Tuesday 4 October 2011

New Zealand TechClinic® cultivates the use of digital technology in farming


New Zealand TechClinic® cultivates the use of digital technology in farming

A Kiwi Innovation Network (KiwiNet) forum has been held in Christchurch to gain insights into how digital technology can improve farm, orchard and vineyard sustainable profitability and grow high tech manufacturing.

KiwiNet is a consortium of New Zealand Universities and Crown Research Institutes working together to increase the scale and impact of scientific and technology based innovation in New Zealand. The forum sought to identify the steps required to ensure that technological leadership is turned into an innovative and world leading agri-tech sector. The forum focused on improving collaboration across the agricultural value chain, and unlocking significant economic value both in the primary industry and in the high-tech manufacturing and ICT sectors.

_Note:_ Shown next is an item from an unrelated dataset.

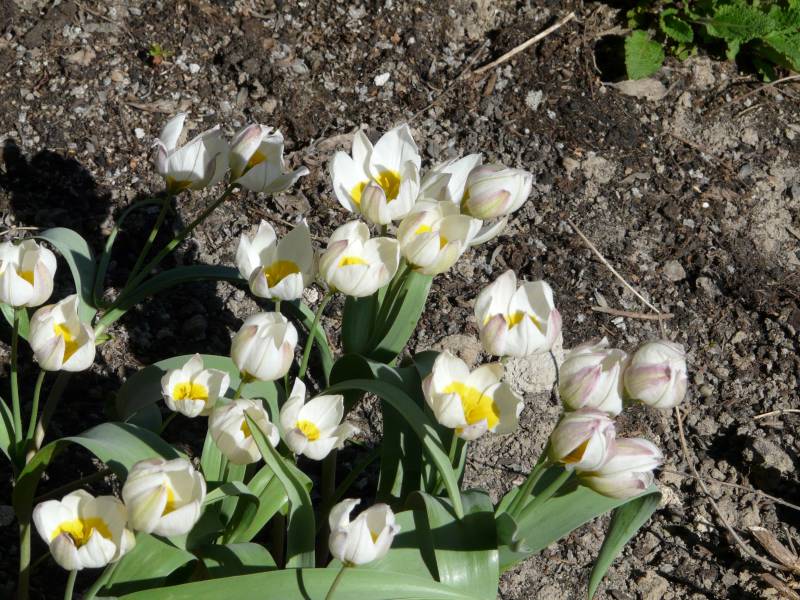Tulipa polychroma na tapecie. Gatunek pochodzi z Iranu i Afganistanu, ale spokojnie - rośnie tam na takich wysokościach i w takich warunkach że spokojnie daje radę w naszym klimacie. Pierwszy raz został opisany w 1885 roku przez botanika Otto Stapfa. Kwitnie bardzo wcześnie, niemal zaraz po tulipanach turkiestańskich. Malutki, na maksa 15 cm wysokości w porywach, ale kiedy rozwinie kwiaty jest niezwykle widowiskowy (no tak, bezczelnie przyznaję że dokupiłam w tym roku cebulki tego gatunku). Tych kwiatów na pędzie ma zazwyczaj od trzech do pięciu, ponoć to go odróżnia od

The forum was facilitated by the AIC using our TechClinics® approach. AIC TechClinics® use a structured environment to focus the entire innovation value chain on a specific opportunity, area or need. Industry representatives outline the market gaps and commercial success criteria, researchers identify technologies available to address these gaps and government can provide critical support and national direction.

The TechClinic® was attended by KiwiNet members and other participants from government, industry and the research sector, including representatives from organisations such as:

  • New Zealand Trade & Enterprise
  • Jade Software Corporation
  • TracMap
  • Pipfruit NZ Inc
  • AgResearch
  • Plant & Food Research
  • Firstlight Foods Ltd
  • Farmax Ltd
  • Foundation for Arable Research
  • DairyNZ
  • Waikato, Canterbury, Lincoln, Auckland and Massey Universities

A range of case study presentations and industry and research insights were delivered by Craige Mackenzie (Agri Optics) and Professor Ian Yule (Massey University).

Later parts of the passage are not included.